WHAT TO WORK ON: Every picture stays out; everything else in the listing below is to be returned exactly.

INFORMATION SHOWN:
((
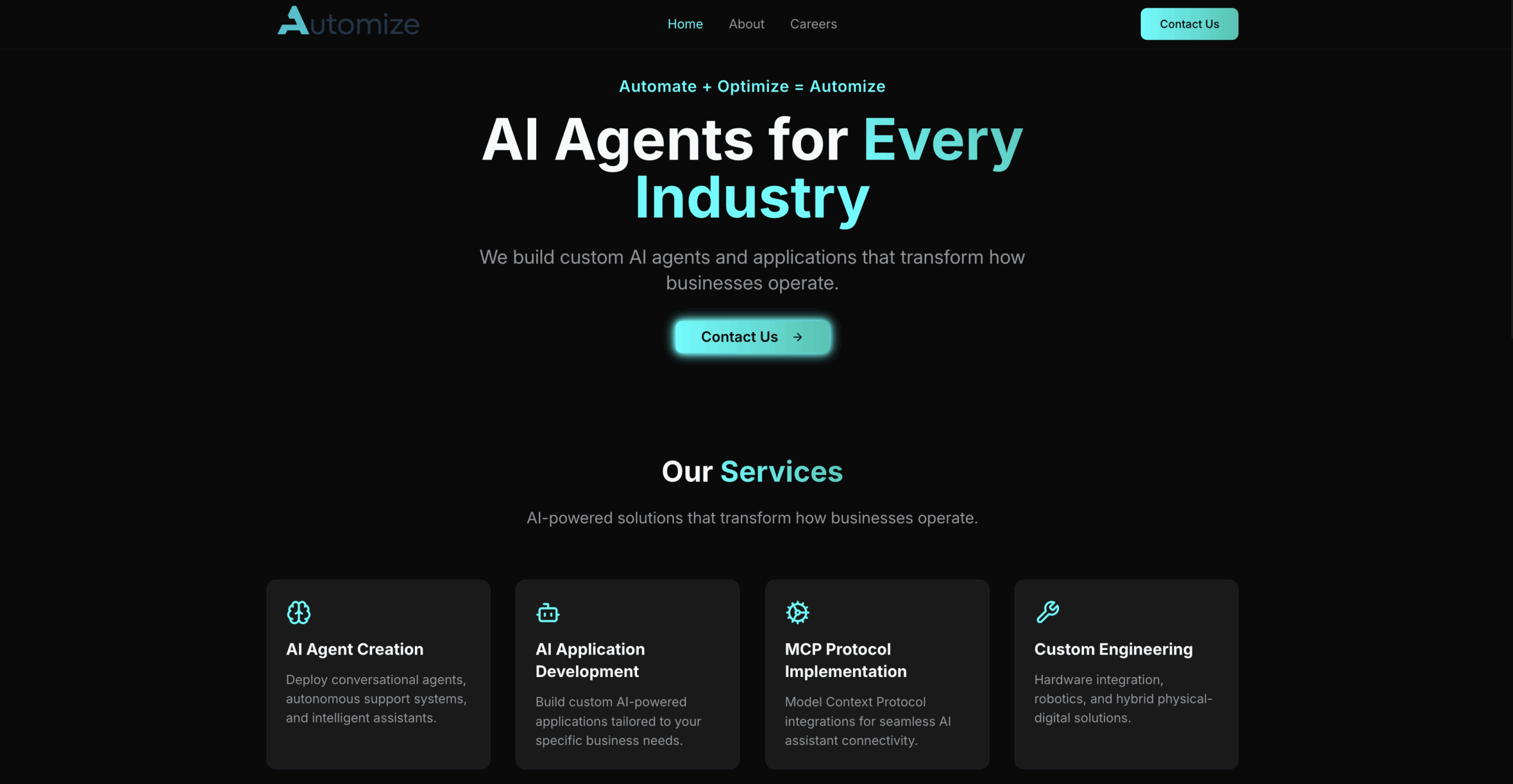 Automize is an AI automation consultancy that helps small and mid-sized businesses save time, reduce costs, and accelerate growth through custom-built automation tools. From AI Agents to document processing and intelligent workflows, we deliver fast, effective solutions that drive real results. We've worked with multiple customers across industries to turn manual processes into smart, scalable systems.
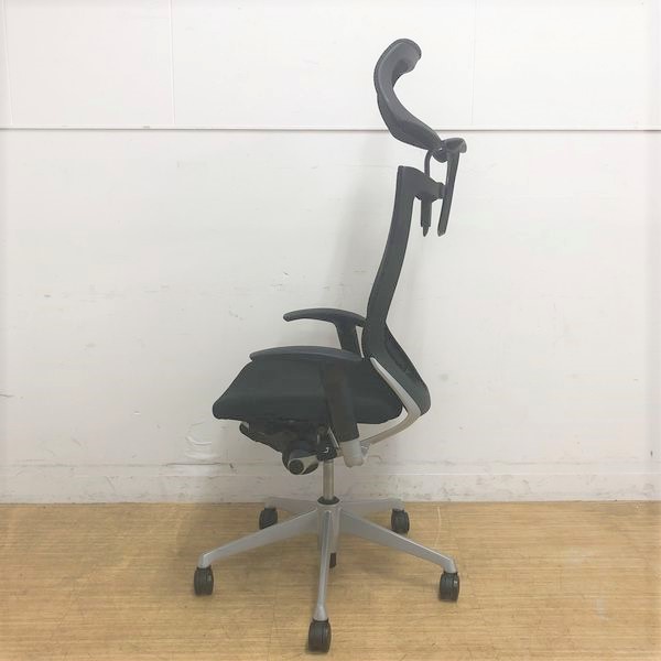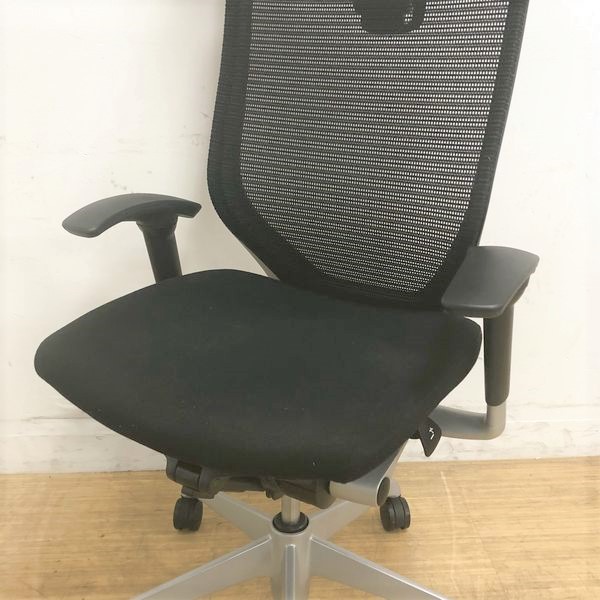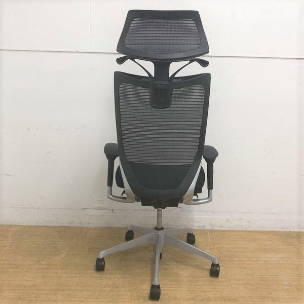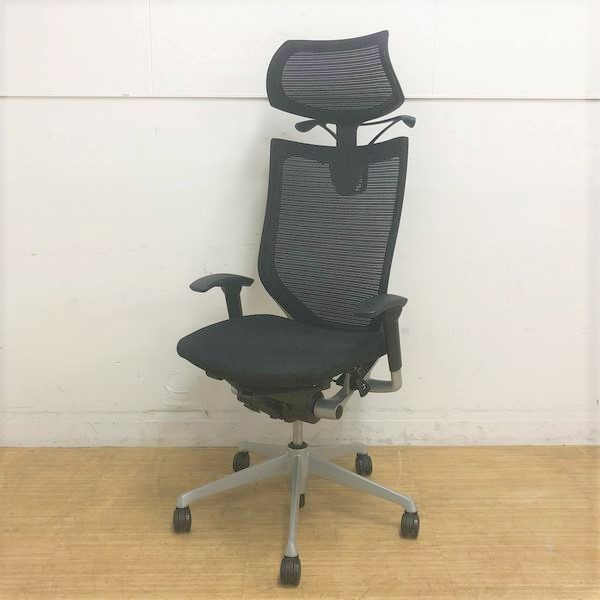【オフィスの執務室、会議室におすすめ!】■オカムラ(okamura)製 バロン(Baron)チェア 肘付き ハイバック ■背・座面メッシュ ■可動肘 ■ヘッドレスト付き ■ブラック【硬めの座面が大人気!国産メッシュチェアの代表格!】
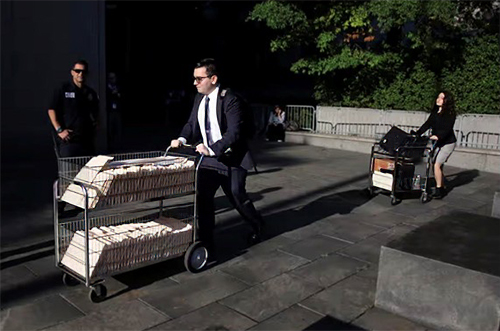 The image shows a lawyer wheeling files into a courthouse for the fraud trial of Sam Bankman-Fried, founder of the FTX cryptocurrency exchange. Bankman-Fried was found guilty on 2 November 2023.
))
WRITTEN ANSWER:
 Automize is an AI automation consultancy that helps small and mid-sized businesses save time, reduce costs, and accelerate growth through custom-built automation tools. From AI Agents to document processing and intelligent workflows, we deliver fast, effective solutions that drive real results. We've worked with multiple customers across industries to turn manual processes into smart, scalable systems.
【オフィスの執務室、会議室におすすめ!】■オカムラ(okamura)製 バロン(Baron)チェア 肘付き ハイバック ■背・座面メッシュ ■可動肘 ■ヘッドレスト付き ■ブラック【硬めの座面が大人気!国産メッシュチェアの代表格!】
 The image shows a lawyer wheeling files into a courthouse for the fraud trial of Sam Bankman-Fried, founder of the FTX cryptocurrency exchange. Bankman-Fried was found guilty on 2 November 2023.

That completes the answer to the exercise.